* _What is being asked_:
Before anything else, drop the pictures; then return exactly the lines from the top of the listing through the line with "Der Platz füllt".

* _Records provided_:

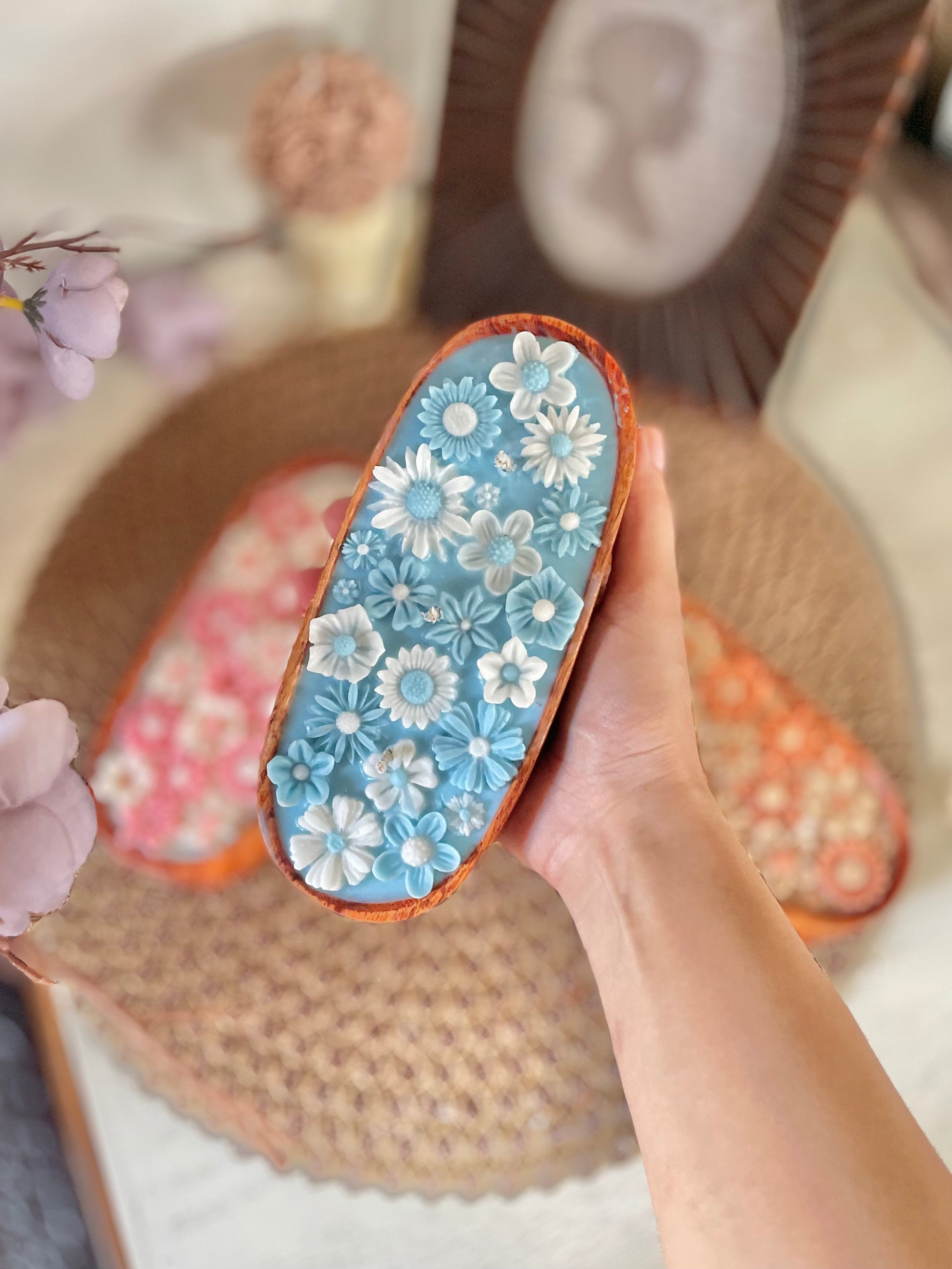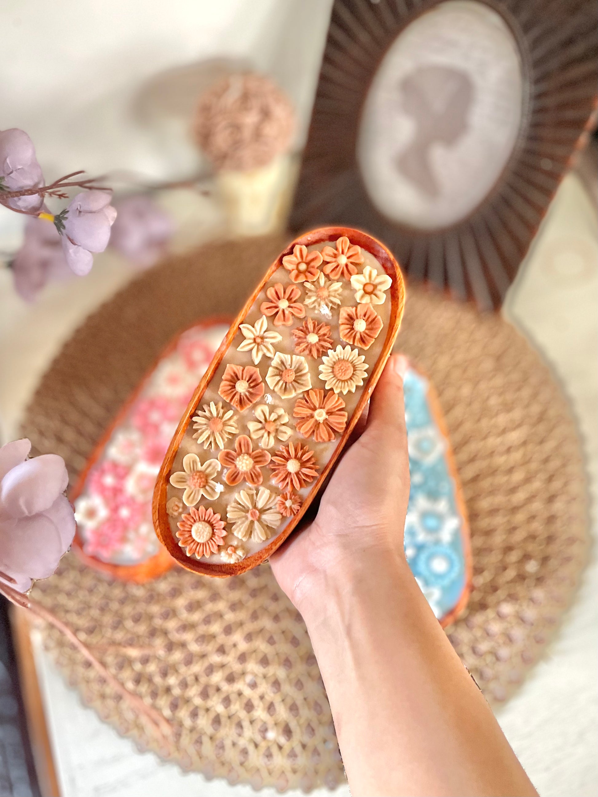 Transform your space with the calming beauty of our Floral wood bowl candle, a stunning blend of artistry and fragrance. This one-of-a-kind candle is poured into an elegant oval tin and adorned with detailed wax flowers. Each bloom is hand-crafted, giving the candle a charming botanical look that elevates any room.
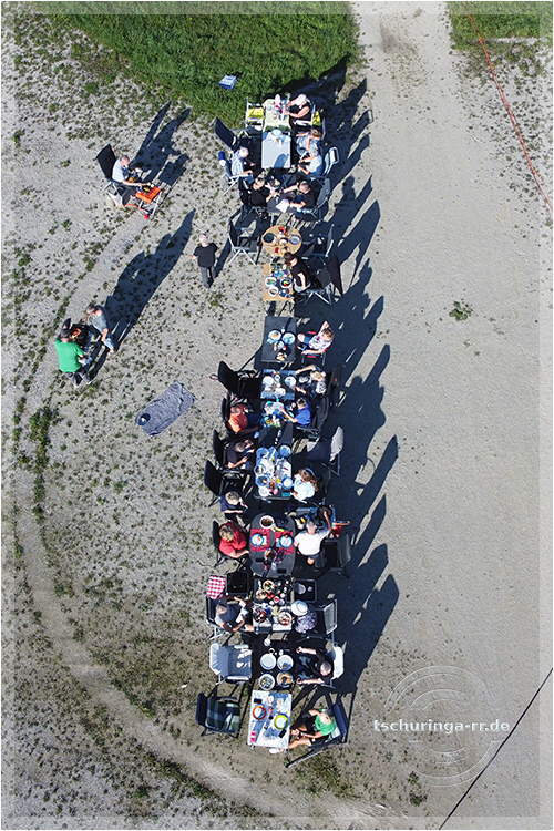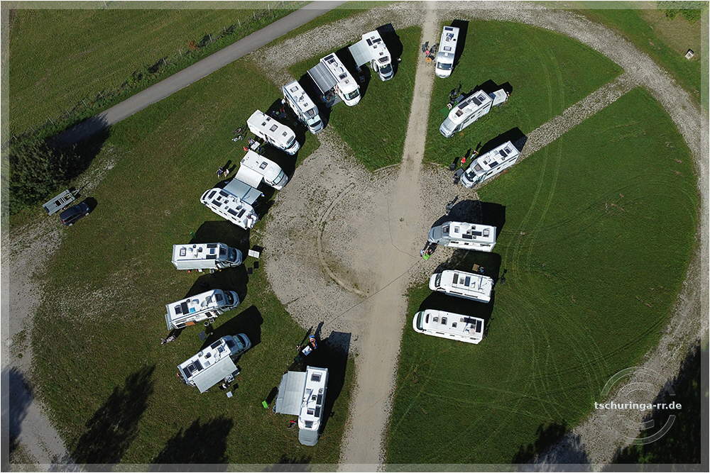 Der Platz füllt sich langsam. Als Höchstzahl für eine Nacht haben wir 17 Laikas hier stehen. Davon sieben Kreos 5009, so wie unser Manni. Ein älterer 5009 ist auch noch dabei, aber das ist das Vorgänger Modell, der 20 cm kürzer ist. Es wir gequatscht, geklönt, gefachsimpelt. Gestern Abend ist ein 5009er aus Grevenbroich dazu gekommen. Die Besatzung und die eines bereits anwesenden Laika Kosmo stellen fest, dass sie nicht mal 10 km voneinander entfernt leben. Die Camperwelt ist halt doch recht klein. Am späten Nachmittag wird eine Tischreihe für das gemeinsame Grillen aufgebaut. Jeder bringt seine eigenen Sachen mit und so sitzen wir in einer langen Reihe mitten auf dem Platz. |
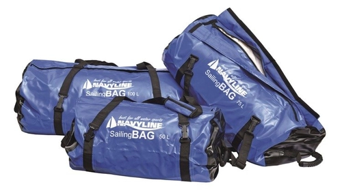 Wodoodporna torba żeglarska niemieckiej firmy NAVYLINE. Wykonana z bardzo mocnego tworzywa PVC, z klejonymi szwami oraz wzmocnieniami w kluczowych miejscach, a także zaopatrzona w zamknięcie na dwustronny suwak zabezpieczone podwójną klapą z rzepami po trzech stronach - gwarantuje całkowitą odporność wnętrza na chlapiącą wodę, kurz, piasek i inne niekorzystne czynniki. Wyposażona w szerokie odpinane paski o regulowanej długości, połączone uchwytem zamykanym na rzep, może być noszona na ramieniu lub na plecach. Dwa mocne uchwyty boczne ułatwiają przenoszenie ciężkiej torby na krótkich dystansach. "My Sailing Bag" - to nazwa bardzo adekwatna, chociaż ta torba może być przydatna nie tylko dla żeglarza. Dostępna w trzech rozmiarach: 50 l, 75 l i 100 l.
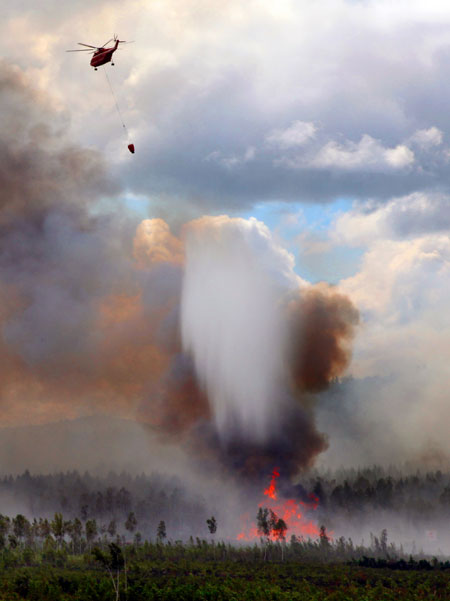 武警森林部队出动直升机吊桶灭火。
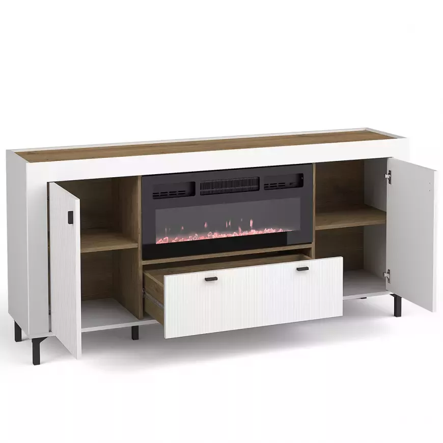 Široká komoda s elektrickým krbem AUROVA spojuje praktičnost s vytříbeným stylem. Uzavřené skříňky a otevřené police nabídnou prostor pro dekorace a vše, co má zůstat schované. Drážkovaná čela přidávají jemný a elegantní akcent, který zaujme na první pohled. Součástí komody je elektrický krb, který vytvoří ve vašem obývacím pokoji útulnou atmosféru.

* _Exercise answer_:
 Transform your space with the calming beauty of our Floral wood bowl candle, a stunning blend of artistry and fragrance. This one-of-a-kind candle is poured into an elegant oval tin and adorned with detailed wax flowers. Each bloom is hand-crafted, giving the candle a charming botanical look that elevates any room.
 Der Platz füllt sich langsam. Als Höchstzahl für eine Nacht haben wir 17 Laikas hier stehen. Davon sieben Kreos 5009, so wie unser Manni. Ein älterer 5009 ist auch noch dabei, aber das ist das Vorgänger Modell, der 20 cm kürzer ist. Es wir gequatscht, geklönt, gefachsimpelt. Gestern Abend ist ein 5009er aus Grevenbroich dazu gekommen. Die Besatzung und die eines bereits anwesenden Laika Kosmo stellen fest, dass sie nicht mal 10 km voneinander entfernt leben. Die Camperwelt ist halt doch recht klein. Am späten Nachmittag wird eine Tischreihe für das gemeinsame Grillen aufgebaut. Jeder bringt seine eigenen Sachen mit und so sitzen wir in einer langen Reihe mitten auf dem Platz. |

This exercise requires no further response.